Jorge Paz Amorim

Minha foto
Belém, Pará, Brazil
Sou Jorge Amorim, Combatente contra a viralatice direitista que assola o país há quinhentos anos.

sábado, 6 de fevereiro de 2016

Hillary Clinton é mais do mesmo. Bernie Sanders é que faz a diferença

wikimedia commons

Num Estado majoritariamente branco e evangélico, não é de se estranhar que Deus participasse, ainda que de forma oficiosa e indireta, da primeira etapa da longa e complexa disputa para escolher os candidatos dos dois grandes partidos à presidência dos Estados Unidos: as primárias de Iowa.

No bando republicano, o candidato de deus se chama Ted Cruz – podemos chamá-lo de “a cruz” – e se impôs surpreendentemente sobre a prepotência populista do favorito Donald Trump, deixando outro filho de imigrantes cubanos como Marco Rubio na terceira posição.

No bando democrata, o empate técnico de Hillary Clinton e Bernie Sanders significa, na prática, um triunfo deste segundo – que será “o martelo” em nosso quadro –, já que confirma que sua candidatura se fortalece e assusta os poderes fáticos, embora sem o rastro da foice e apesar do medo que abunda nos Estados Unidos, onde muitos consideram comunistas até aqueles que encarnam os valores do que a Europa chama de social-democracia.

Embora a quantidade de delegados em jogo para as convenções finais sejam menos de 1%, a tradição diz que o efeito dos resultados em Iowa sobre a campanha é muito mais relevante do que supõe a simples aritmética. Foi lá, por exemplo, onde a estrela de Hillary Clinton começou a se apagar em 2008, e despontou a de um semi desconhecido senador negro de Ohio, Barack Obama. Parece muito menos provável, nesta ocasião, que a ex-secretária de Estado (do governo do próprio Obama) e seja novamente vítima dessa maldição, mas não impossível.

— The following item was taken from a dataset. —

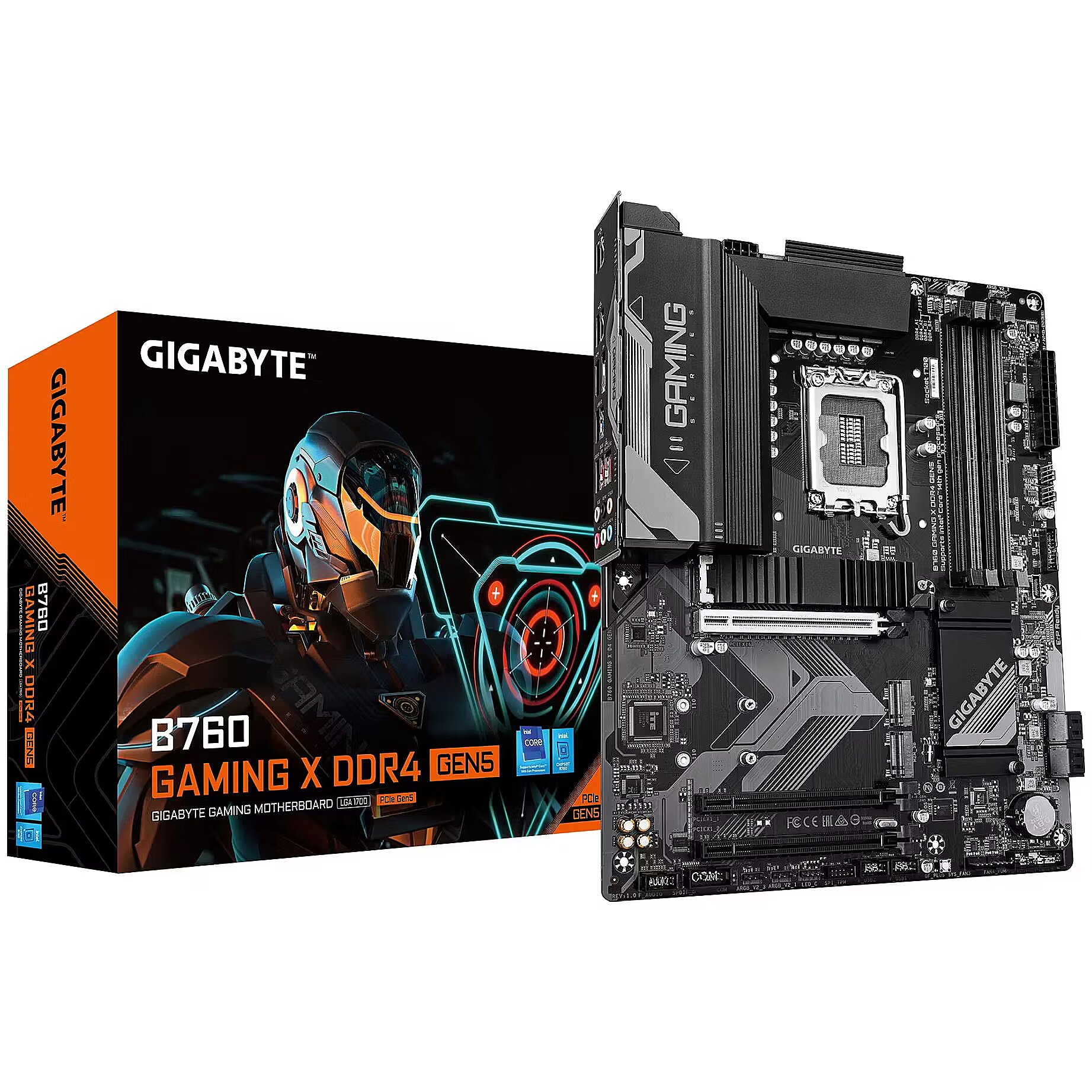Summary - GIGABYTE B760 GAMING X DDR4 GEN5 Motherboard - Supports 14th Gen. Intel Core CPUs, 8+1+1 phases VRM, up to 5333MHz DDR4 (OC), 3xPCIe 4.0 M.2, 2.5GbE LAN, USB 3.2 Gen 2. Processor manufacturer: Intel, Processor socket: LGA 1700, Compatible processor series: Intel® Celeron®, Intel Core i3 12th Gen, Intel Core i3 13th Gen, Intel Core i3 14th Gen, Intel.... Supported memory types: DDR4-SDRAM, Maximum internal memory: 128 GB, Memory slots type: DIMM. Supported storage drive interfaces: M.2, PCI Express 4.0, SATA III, Supported storage drive types: HDD & SSD, RAID levels: 0, 1, 5, 10. Maximum resolution: 4096 x 2304 pixels. Ethernet interface type: 2.5 Gigabit Ethernet, LAN controller: Realtek RTL8125

Deus não esteve ausente, mas não foi um ator principal na batalha dos democratas, que teve a virtude mais infrequente dentro da dinâmica eleitoral estadunidense, ao enfrentar duas concepções opostas de como se deve governar o país. Acontece que, independente da proposta de recuperar um certo progressismo e da defensa de alguns aspectos do legado de Obama – que parecem depender de para onde sopra o vento –, Clinton defende o sistema e protege, antes de tudo, os interesses do establishment de Washington, que representa 1% da população que concentra o poder e o dinheiro.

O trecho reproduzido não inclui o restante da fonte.